GIVEN MATERIAL:
::::

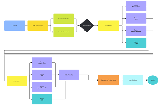 Building on these insights, this study proposes a hybrid SQLi detection framework that combines three ML classifiers — SVM, RF, and LR — using a Voting Classifier ensemble and compares their performance to a standalone CNN model. The system is trained and tested on a hybrid dataset composed of two parts: a publicly available SQL injection dataset sourced from Kaggle, and a custom collection of real-world, benign SQL queries manually extracted from a PostgreSQL environment. Model performance is evaluated based on accuracy, precision, recall and false positive rate.
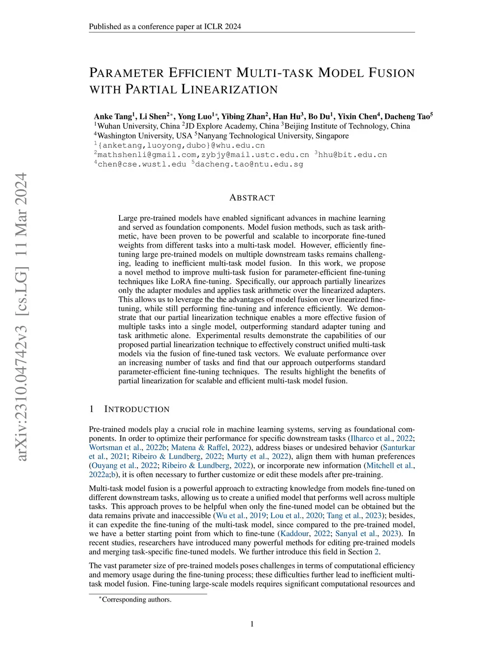 Parameter Efficient Multi-task Model Fusion with Partial Linearization
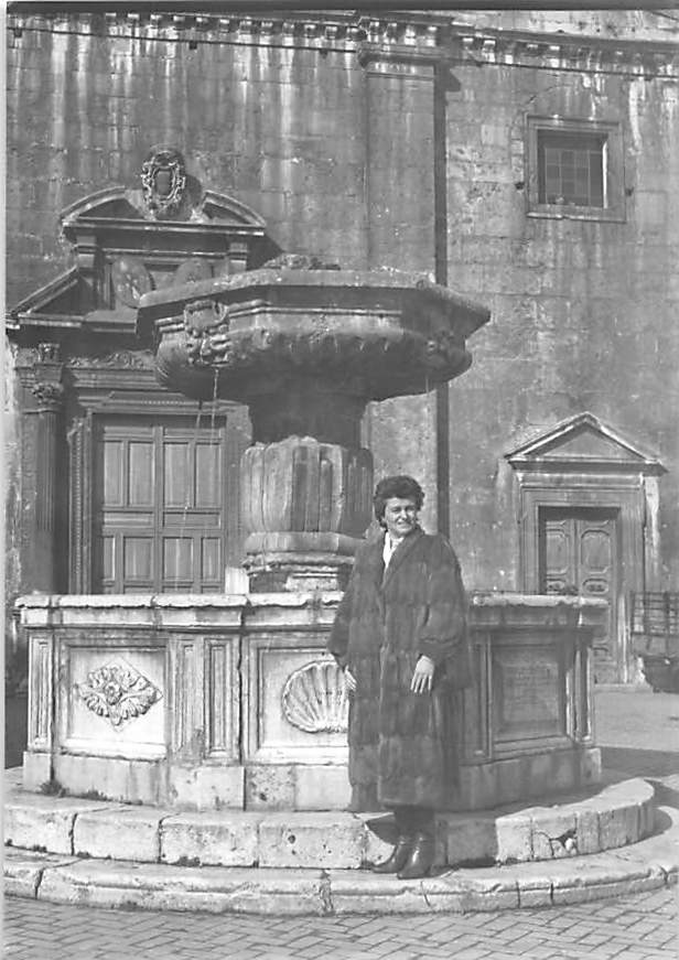La baronessa Gabriella Roesler-Franz Sanità davanti alla fontana in Piazza del Popolo a Pacentro

::::

WHAT TO DO: In the listing above, find the line containing "Parameter Efficient Multi-task" and restate it and every later line verbatim, with the pictures left out.

RESPONSE TO THE TASK:
 Parameter Efficient Multi-task Model Fusion with Partial Linearization
La baronessa Gabriella Roesler-Franz Sanità davanti alla fontana in Piazza del Popolo a Pacentro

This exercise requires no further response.